We focused on researching content and began collecting expert insights to support what we shared.
The intent was simple: share what actually works, not what sounds good on paper.
4. Process improvements
Growth also exposed gaps.
So we tightened execution across the board:
- Reporting became clearer and more outcome-focused
- Workflows improved to reduce delays and manual gaps
- Client collaboration became more transparent through better communication loops
These changes helped us scale without sacrificing quality, something I care deeply about as a founder
5. Featured mentions
Interestingly, as we focused less on visibility and more on substance, visibility followed.
SERP Forge was featured organically on platforms like:
- GoDaddy
- CMOTimes
- Under30CEO
- Lightkey
- Flicemail
- HubSpot

We didn’t chase attention. We focused on the work and let it compound.
Culture, team, and community
Now let’s talk about the part that doesn’t show up in dashboards.

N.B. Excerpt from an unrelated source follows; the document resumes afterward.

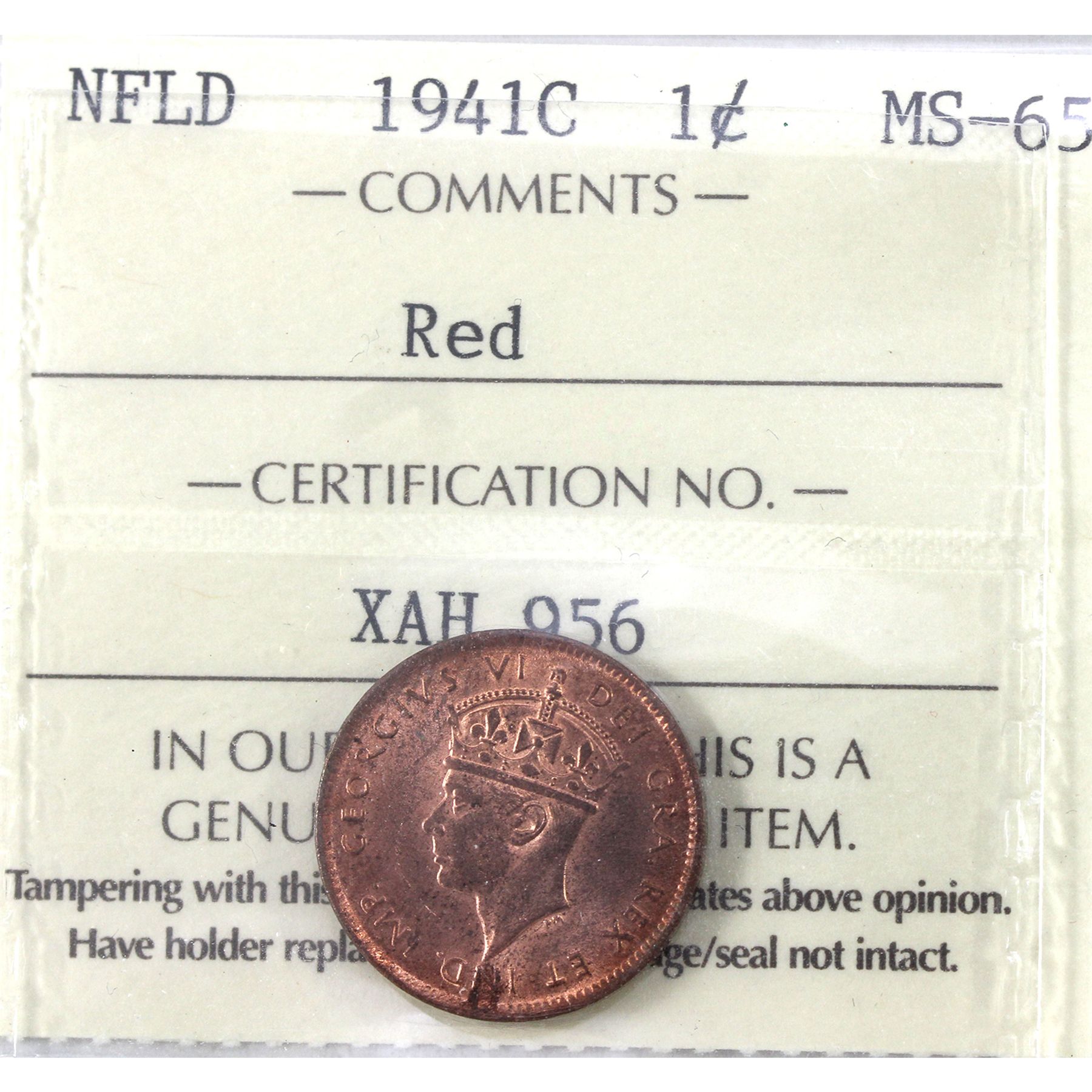 Newfoundland 1-cent 1941C Red ICCS MS65

One of the things I’m most proud of in 2025 is how intentionally we invested in people.
We expanded the team across SEO, outreach, content, and operations. Every hire was made carefully, with ownership and long-term growth in mind.
We introduced clearer policies, flexible working hours, defined leave structures, and visible growth paths.

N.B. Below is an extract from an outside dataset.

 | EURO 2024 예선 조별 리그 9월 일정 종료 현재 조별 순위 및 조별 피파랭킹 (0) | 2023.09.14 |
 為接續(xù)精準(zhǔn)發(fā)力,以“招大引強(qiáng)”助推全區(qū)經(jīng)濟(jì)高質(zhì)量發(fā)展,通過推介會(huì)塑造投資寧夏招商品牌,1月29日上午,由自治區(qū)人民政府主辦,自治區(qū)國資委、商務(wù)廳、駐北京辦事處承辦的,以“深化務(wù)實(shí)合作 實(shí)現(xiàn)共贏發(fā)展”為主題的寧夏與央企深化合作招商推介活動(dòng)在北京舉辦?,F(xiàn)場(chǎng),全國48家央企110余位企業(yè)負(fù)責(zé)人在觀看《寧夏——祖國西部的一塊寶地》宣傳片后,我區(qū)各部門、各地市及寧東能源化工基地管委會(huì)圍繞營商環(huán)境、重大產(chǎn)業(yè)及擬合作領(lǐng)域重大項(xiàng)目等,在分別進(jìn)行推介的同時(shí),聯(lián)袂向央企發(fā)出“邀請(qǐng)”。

We celebrate festivals like Diwali and Christmas together. We celebrate birthdays too. Many remote companies skip this, but we don’t. It matters.
And slowly, it showed. Collaboration improved. Documentation got cleaner. Communication became easier. The way we worked together matured.

What 2025 taught us about SEO and growth
After working across so many SaaS projects, patterns became impossible to ignore.
Search became more intent-focused and less about keyword matching. Authority still mattered, but relevance mattered more. AI-driven content flooded results and raised the bar for originality.
Here’s the contrast that stood out most.
What worked better than expected:
- Product-led content backed by strong links
- Outreach built on real value, not templates
What we stopped doing:
- Chasing links just for DR
- Publishing content without a clear purpose
- Treating SEO as separate from product and sales
Everything moved closer together, and that changed how we operate.
How these lessons changed the way we work
So what did we do with those lessons?
Our approach changed quietly, but deliberately.
SEO strategy now starts with product positioning and clarity around the ideal customer. Tools help with research and execution, but they don’t replace experience.
We’re doubling down on contextual authority, SaaS-focused SEO frameworks, and real outreach relationships.
At the same time, we’re simplifying, cutting unnecessary reporting and removing content that exists only to fill space.
The focus stays on results.
What we are focusing on in 2026
Looking ahead, 2026 is about building with purpose.
When I think about where we’re headed next, the priority is clarity, doing fewer things, but doing the right ones well.
We want to create more space for meaningful conversations, practical learning, and collaboration grounded in real work, not theory.
For me, that means slowing down the noise and focusing on what actually helps teams make better decisions.
As we move forward, we’re continuing to expand how we support SaaS companies, with the intention of being a more complete and reliable long-term partner, not just a short-term execution layer.
Internally, we’re investing more in our people, strengthening collaboration, and building systems that save time and reduce unnecessary complexity.
The focus for 2026 is clear: build useful things, stay grounded in results, and grow with intention.
Final thought
I’m thankful to every client who trusted us in 2025. Your feedback and challenges shaped how we work today.
I’m equally grateful for the team that stayed curious, focused, and honest throughout the year.
If you’ve followed our work, worked with us, or learned from what we’ve shared, thank you. I’m looking forward to building, testing, and growing together in 2026.
Let’s move forward with clarity, intention, and a commitment to meaningful work.